Of course you should make your resume as nice as possible, all I'm advising to
job-seekers is that it isn't enough, and it would probably be worth your time
socializing rather than making your resume absolutely perfect

------
SubuSS
I don't know how effective it is to go via a recruiter. But it is indeed
effective to talk to a technical person directly and establish a rapport.

For example, if you wanted a job with Amazon and are qualified, I would say
send me a mail. Or go to an Amazon show like RE:Invent and show off your
programming skills in a boot camp. You will meet Amazon engineers there. Get
their cards and send them a resume. There are github repositories where teams
from companies like Amazon (AND twitter/fb/google/ms) actively contribute. Go
see how you can improve them and submit a pull request. We not only have
systems work happening in AWS - there is work in every aspect from web
programming to documentation to distribute systems. IMO, it all comes down to
initiative.

I have switched about 4 teams now between MS and Amazon and not one of them
were via a recruiter. There were extremely talented recruiters who handled the
interview logistics, but the jobs themselves happened because people on the
ground knew me.

Good luck.

------
ep103
hi all. Could I ask a question about job advice?

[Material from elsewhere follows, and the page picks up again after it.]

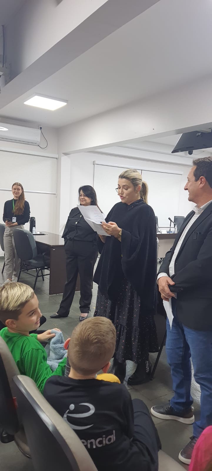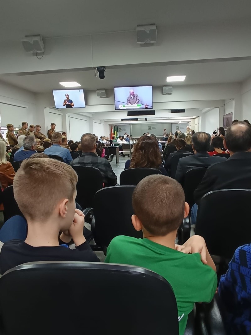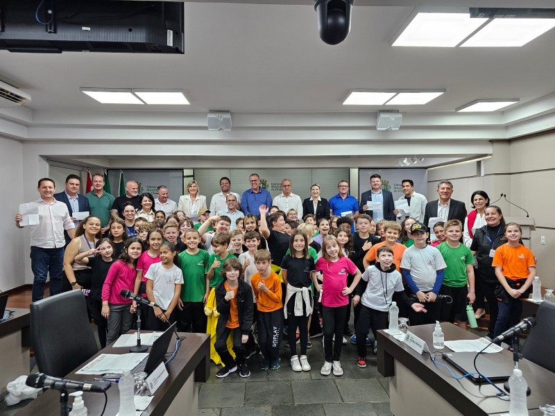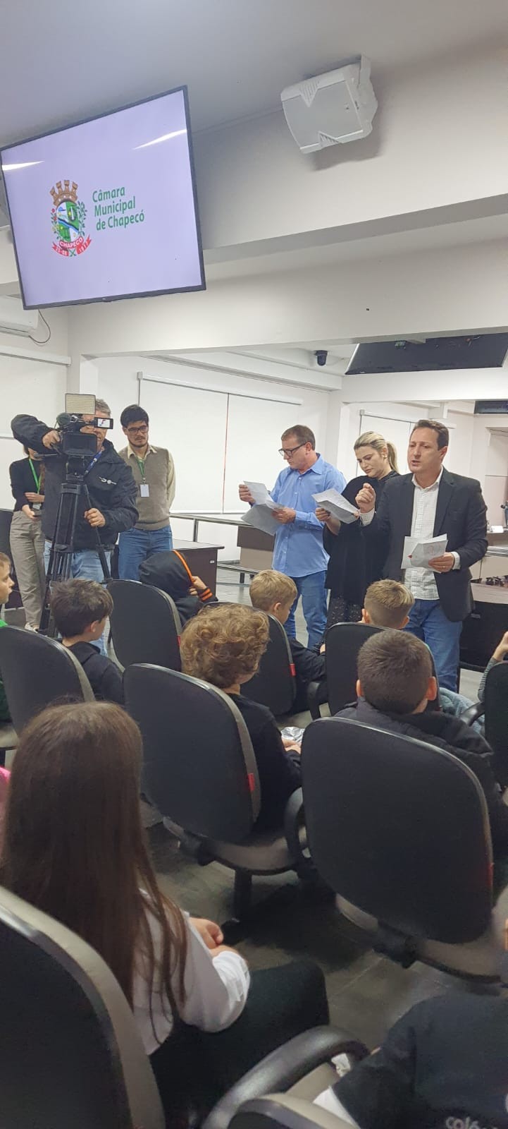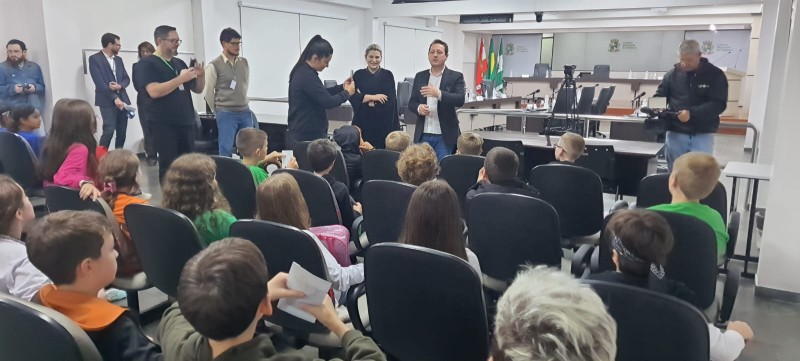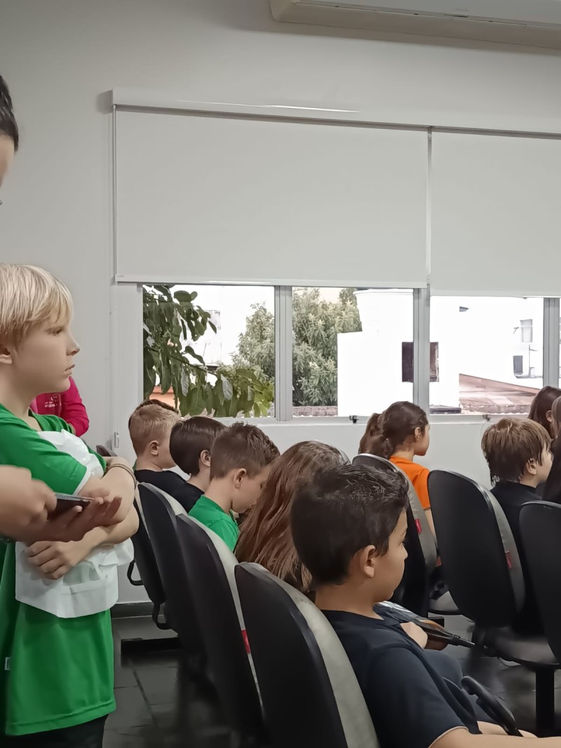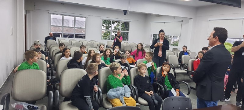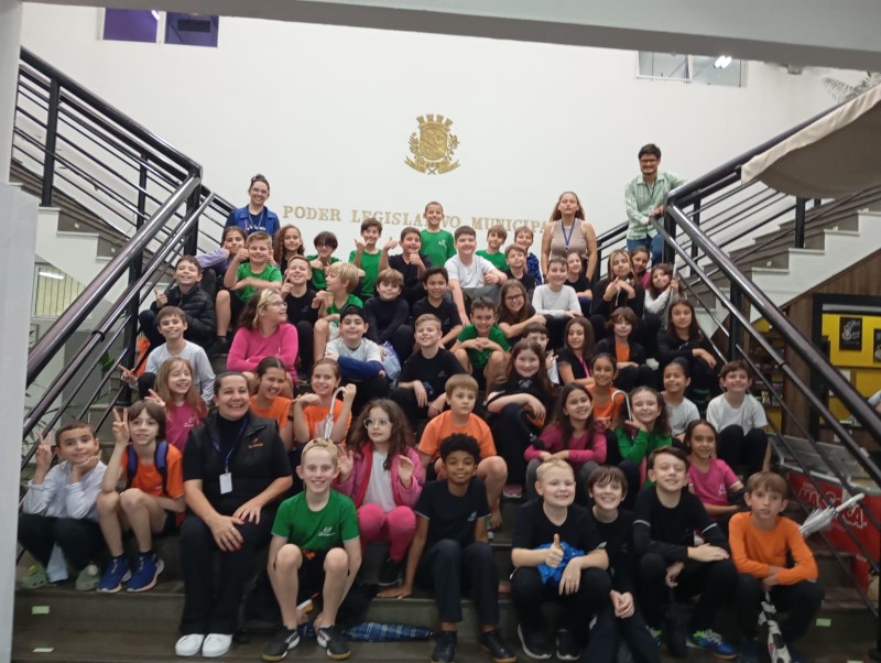 Estudantes dos 4º anos - turmas 41,42 e 43 - acompanhados das professoras titulares Sara, Keli e Heidi, visitaram e participaram de uma sessão na Câmara dos Vereadores de Chapecó. Eles estudaram em História o conteúdo sobre as divisões de poderes público: executivo, legislativo e judiciário. Em Língua Portuguesa, eles estudaram o gênero textual "carta de reclamação" e com os estudos sobre o papel dos vereadores, buscaram situações no município em que seria necessário intervenção e melhoria, Produziram as cartas para eles, com o objetivo de mudanças positivas a partir das queixas relatadas.

I spent 2.5 years at my first job (effectively moved from junior dev to
senior). I then took a job at a traveling consulting company (where I was
officially promoted, and ran a huge project), but left after 1 year because I
couldn't stand traveling that extensively. Then I moved to my current company,
where I've been for 9-10 months, but will likely be fired by the new
management team that came in, because I'm part of an overbudget project.

Am I fucked? My current plan is to just wait and see if I am let go or not
(probably will be), and then go travel for a few months (I'm burned out). But
the very first page of this slideshow is that hiring managers look for red
flags about multiple short time roles and employment gaps, and I'll have a 1
year, and a < 1 year on my resume.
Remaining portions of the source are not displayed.